Prompt:
Copy out the data word for word. The images are not part of the copy.

Data excerpt:
- - -

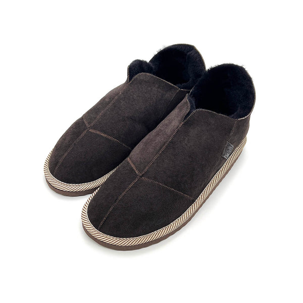 MERDANA Dark Chocolate are handmade using a rich brown sheepskin offcuts with a black sheepskin reverse that contrasts with the natural sheepskin underfoot. These cosy slippers give purpose to lovely suede offcuts with occasional natural imperfections such as subtle tonal variations, slight mottling or roughness of texture. We are all about putting such ‘imperfect’ materials to good use and this batch is most likely to show to show some subtle mottling to the suede finish (please see photos).
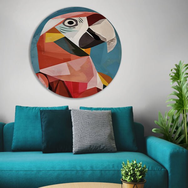Abstract Papegaai in Kubisme Stijl aluminium muurcirkel
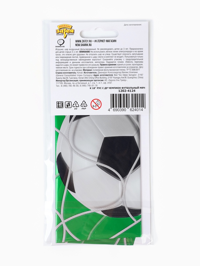 Воздушный шар фольгированный 18" «С ДР Чемпион, футбольный мяч» — Характеристики

- - -

Response:
 MERDANA Dark Chocolate are handmade using a rich brown sheepskin offcuts with a black sheepskin reverse that contrasts with the natural sheepskin underfoot. These cosy slippers give purpose to lovely suede offcuts with occasional natural imperfections such as subtle tonal variations, slight mottling or roughness of texture. We are all about putting such ‘imperfect’ materials to good use and this batch is most likely to show to show some subtle mottling to the suede finish (please see photos).
Abstract Papegaai in Kubisme Stijl aluminium muurcirkel
 Воздушный шар фольгированный 18" «С ДР Чемпион, футбольный мяч» — Характеристики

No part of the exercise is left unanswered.